• [The problem]
The listing must be copied out in full and exactly; no images go with it.

• [Information supplied]
* * *
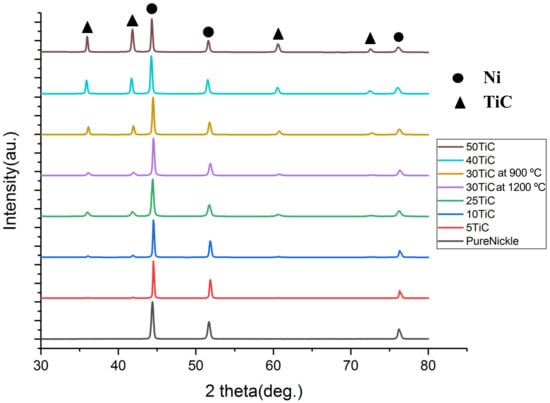 XRD graph and peak index of Pure Ni, Ni-5TiC, Ni-10TiC, Ni-25TiC, Ni-30TiC at 900 °C, Ni-30TiC at 1200 °C, Ni-40TiC and Ni-50TiC.
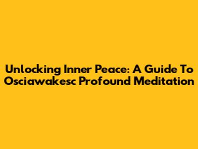 Unlocking Inner Peace: A Guide To Osciawakesc Profound Meditation
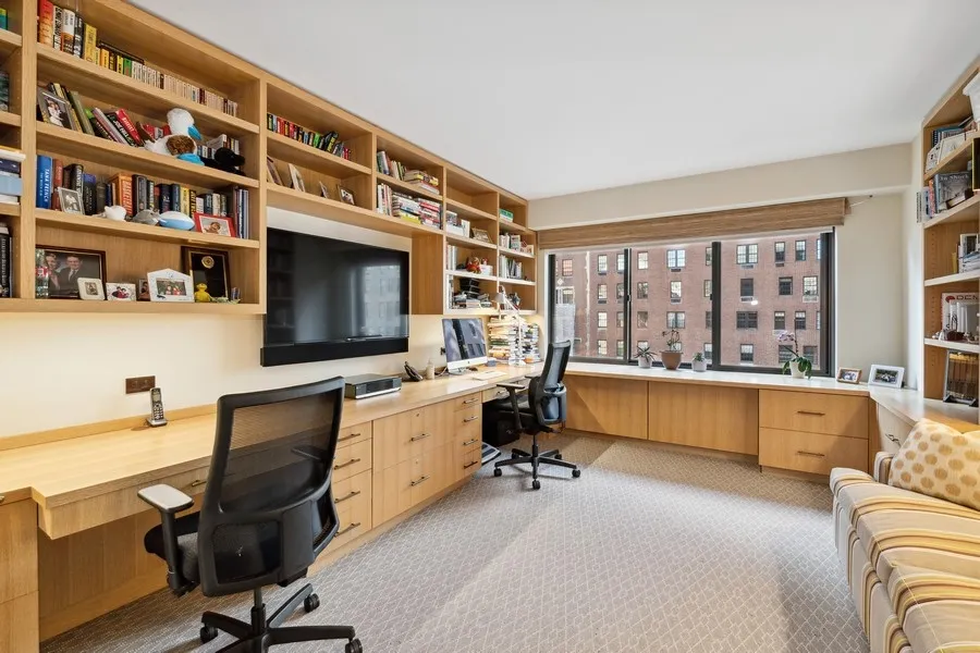 A fourth bedroom is currently set up as a home office with extensive custom cerused-oak cabinetry, undercabinet lighting, lockable filing drawers, twin desks, and a plentiful supply closet with door-activated lighting, all with a sunny, open Park Avenue view. Opposite the home office is a powder room with a Waterworks hammered-metal sink and fixtures, Toto toilet, and marble counter and floor.
* * *
• [Problem solution]
 XRD graph and peak index of Pure Ni, Ni-5TiC, Ni-10TiC, Ni-25TiC, Ni-30TiC at 900 °C, Ni-30TiC at 1200 °C, Ni-40TiC and Ni-50TiC.
 Unlocking Inner Peace: A Guide To Osciawakesc Profound Meditation
 A fourth bedroom is currently set up as a home office with extensive custom cerused-oak cabinetry, undercabinet lighting, lockable filing drawers, twin desks, and a plentiful supply closet with door-activated lighting, all with a sunny, open Park Avenue view. Opposite the home office is a powder room with a Waterworks hammered-metal sink and fixtures, Toto toilet, and marble counter and floor.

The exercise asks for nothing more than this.